*** Opening Material supplied ***
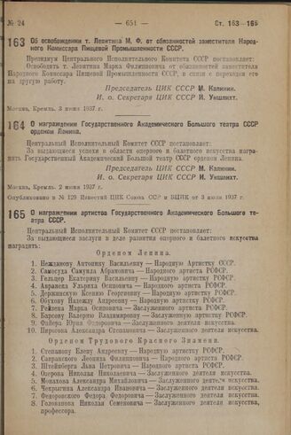 О награждении Государственного Академического Большого театра СССР орденом Ленина. 2 июня 1937 г. // Опубликовано в № 129 Известий ЦИК Союза ССР и ВЦИК от 3 июня 1937 г.
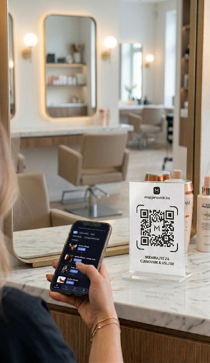 Najveći strah svakog klijenta u BiH je "iznenađenje na kasi". Koliko puta ste čuli: "Mislila sam da će biti 50, a ispalo je 90 KM"? Kada klijent može skenirati QR kod na ogledalu i u miru, dok mu "prima boja", pogledati cijene svih dodatnih tretmana (maske, preljevi, ampule), on se osjeća sigurno. Transparentnost uklanja barijeru između vas i klijentovog novčanika. Digitalni cjenovnik omogućava klijentu da istražuje vaše usluge bez pritiska da vas mora pitati za svaku sitnicu.
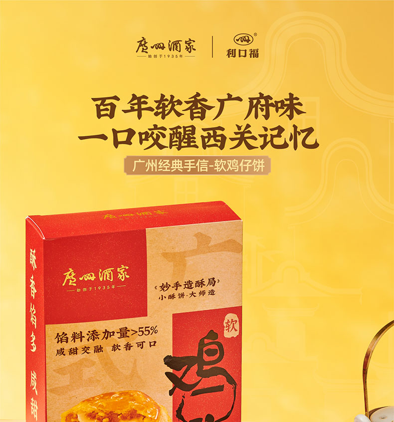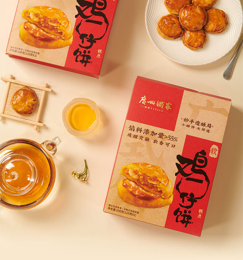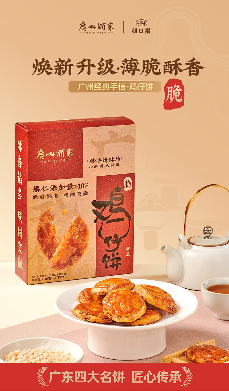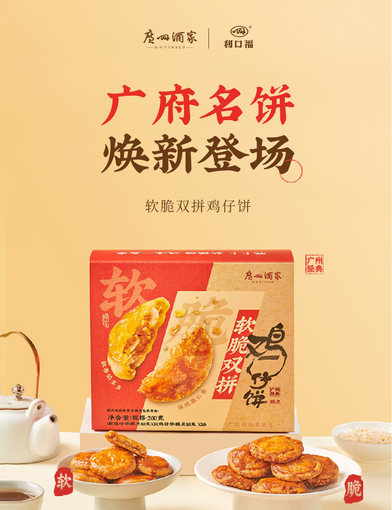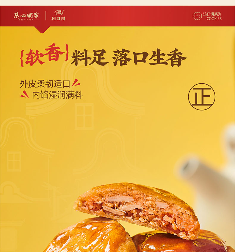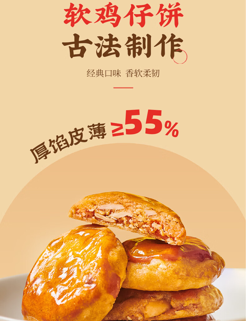 广州酒家广式饼酥糕点休闲零食饼干下午茶解馋小零食广东特产送礼广州手信 【湿润满料】软鸡仔饼250g
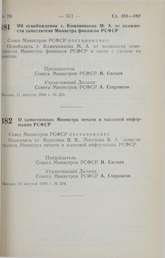 Постановление Совета Министров РСФСР. Об освобождении т. Кожевникова М.А. от должности заместителя Министра финансов РСФСР. 11 августа 1990 г. № 293
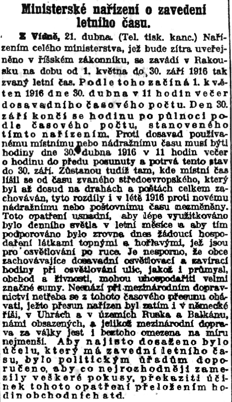 Oznámení o letním čase v roce 1916, 1918 a poznámka z roku 1931 v dobovém tisku
*** Closing Material supplied ***
**Problem to work on**
Reproduce all of the entries above word for word, but leave out their pictures.

**Written solution**
 О награждении Государственного Академического Большого театра СССР орденом Ленина. 2 июня 1937 г. // Опубликовано в № 129 Известий ЦИК Союза ССР и ВЦИК от 3 июня 1937 г.
 Najveći strah svakog klijenta u BiH je "iznenađenje na kasi". Koliko puta ste čuli: "Mislila sam da će biti 50, a ispalo je 90 KM"? Kada klijent može skenirati QR kod na ogledalu i u miru, dok mu "prima boja", pogledati cijene svih dodatnih tretmana (maske, preljevi, ampule), on se osjeća sigurno. Transparentnost uklanja barijeru između vas i klijentovog novčanika. Digitalni cjenovnik omogućava klijentu da istražuje vaše usluge bez pritiska da vas mora pitati za svaku sitnicu.
 广州酒家广式饼酥糕点休闲零食饼干下午茶解馋小零食广东特产送礼广州手信 【湿润满料】软鸡仔饼250g
 Постановление Совета Министров РСФСР. Об освобождении т. Кожевникова М.А. от должности заместителя Министра финансов РСФСР. 11 августа 1990 г. № 293
 Oznámení o letním čase v roce 1916, 1918 a poznámka z roku 1931 v dobovém tisku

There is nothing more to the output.